ITEM 2.03 CREATION OF A DIRECT FINANCIAL OBLIGATION OR AN OBLIGATION UNDER AN
          OFF-BALANCE SHEET ARRANGEMENT OF A REGISTRANT

On November 12, 2004, Atlantic Coast Entertainment Holdings, Inc. ("Atlantic")
and ACE Gaming, LLC ("ACE"), a wholly-owned subsidiary of Atlantic, entered into
a Loan and Security Agreement (the "Loan Agreement"), by and among Atlantic, as
borrower, ACE, as guarantor, and Fortress Credit Corp. ("Fortress"), as lender,
and certain related ancillary documents, pursuant to which, Fortress agreed to
make available to Atlantic a senior secured revolving credit line providing for
working capital loans of up to $10 million (the "Loans"), to be used for working
capital purposes in the operation of The Sands Hotel and Casino ("The Sands"),
located in Atlantic City, New Jersey. The Loan Agreement and the Loans
thereunder have been designated by the Board of Directors of Atlantic and the
Manager of ACE, as Working Capital Indebtedness (as that term is defined in the
Indenture (the "Indenture"), dated as of July 22, 2004, among Atlantic, as
issuer, ACE, as guarantor, and Wells Fargo Bank, National Association, as
trustee (the "Trustee")).

The aggregate amount of the Loans shall not exceed $10 million plus interest.
All Loans under the Loan Agreement are payable in full by no later than the day
immediately prior to the one-year anniversary of the Loan Agreement, or any
earlier date on which the Loans are required to be paid in full, by acceleration
or otherwise, pursuant to the Loan Agreement.

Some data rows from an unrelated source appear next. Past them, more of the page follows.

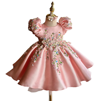 厂家批发幼儿派对儿童缎面礼服公主婚纱礼服女婴派对礼服女婴礼服舞会
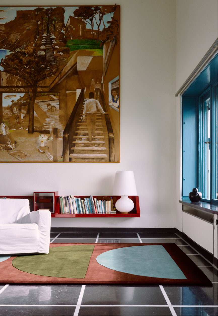 “We started sketching something more graphic and bold – rugs that truly claim their space. The idea draws from Gio Ponti’s approach to pattern and colour in architecture, where everything is about balance rather than decoration.”
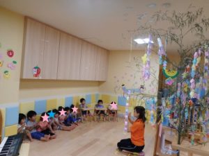 みんなで笹を見ながら座って《たなばたさま》のお歌をうたいました♪
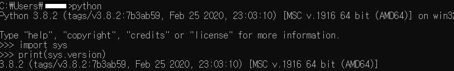 위의 2가지 방법으로 내가 설치한 파이썬 버전3.8.2인것을 알수있다
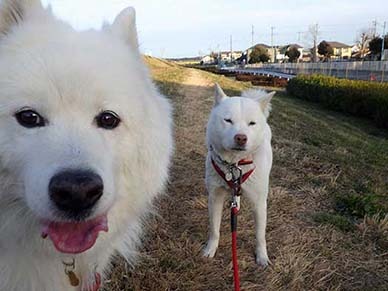 愛犬・イヨ(サモエド♀11才)&ガラシャ(北海道犬♀6才)
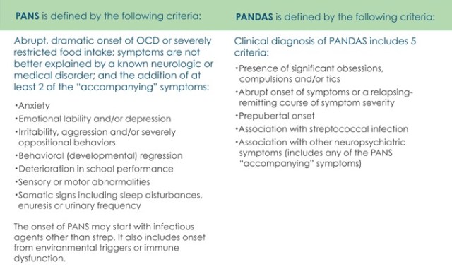 The acute onset means a Y-BOCS (Yale Brown Obsessive-Compulsive Scale) score of >20 and or a Chronic Tic Disorder YGTSS (Yale Global Tic Severity Scale) often with multiple tics. Below is the symptom criteria for PANDAS. Additional symptoms may be present.

The outstanding principal balance of the Loan Agreement will accrue interest at
a fixed rate to be set monthly which is equal to one month LIBOR (but not less
than 1.5%), plus 8% per annum. In addition to interest payable on the principal
balance outstanding from time to time under the Loan Agreement, Atlantic is
required to pay to Fortress an unused line fee for each preceding three-month
period during the term of the Loan Agreement in an amount equal to .35% of the
excess of the available commitment over the average outstanding monthly balance
during such preceding three-month period.

The Loans are secured by a first lien and security interest on all of Atlantic
and ACE's personal property and a first mortgage on The Sands Hotel & Casino.
Fortress entered into an Intercreditor Agreement, dated as of November 12, 2004,
with the Trustee pursuant to the Loan Agreement. The Liens (as that term defined
in the Indenture) of the Trustee on the Collateral (as that term is defined in
the Indenture), are subject and inferior to Liens which secure Working Capital
Indebtedness such as the Loans.

Fortress may terminate its obligation to advance and declare the unpaid balance
of the Loans, or any part thereof, immediately due and payable upon the
occurrence and during the continuance of customary defaults which include
payment default, covenant defaults, bankruptcy type defaults, attachments,
judgments, the occurrence of certain material adverse events, criminal
proceedings, and defaults by Atlantic or ACE under certain other agreements.

A copy of the Loan Agreement, the Guaranty to Fortress Credit Corp., dated as of
November 12, 2004, among ACE, as guarantor, and Fortress, as lender, and the
First Mortgage and Security Agreement, dated November 12, 2004, among ACE as
mortgagor, and Fortress, as mortgagee, is attached hereto as Exhibits 10.1,
10.2, and 10.3 respectively and is incorporated herein by reference. The
foregoing summary does not purport to be complete and is qualified in its
entirety by reference to the attached exhibits.



ITEM 8.01 OTHER EVENTS

In a joint press release, dated November 18, 2004, Atlantic and ACE announced
that, on November 12, 2004, Atlantic, as borrower, and ACE, as guarantor,
entered into a senior secured revolving credit line providing for working
capital loans of up to $10 million, which shall be used for working capital
purposes in the operation of The Sands. The Loan Agreement and the Loans
thereunder have been designated by the Board of Directors of Atlantic and the
Manager of ACE, as Working Capital Indebtedness (as that term is defined in the
Indenture, dated as of July 22, 2004, among Atlantic, as issuer, ACE, as
guarantor, and Wells Fargo Bank, National Association, as trustee).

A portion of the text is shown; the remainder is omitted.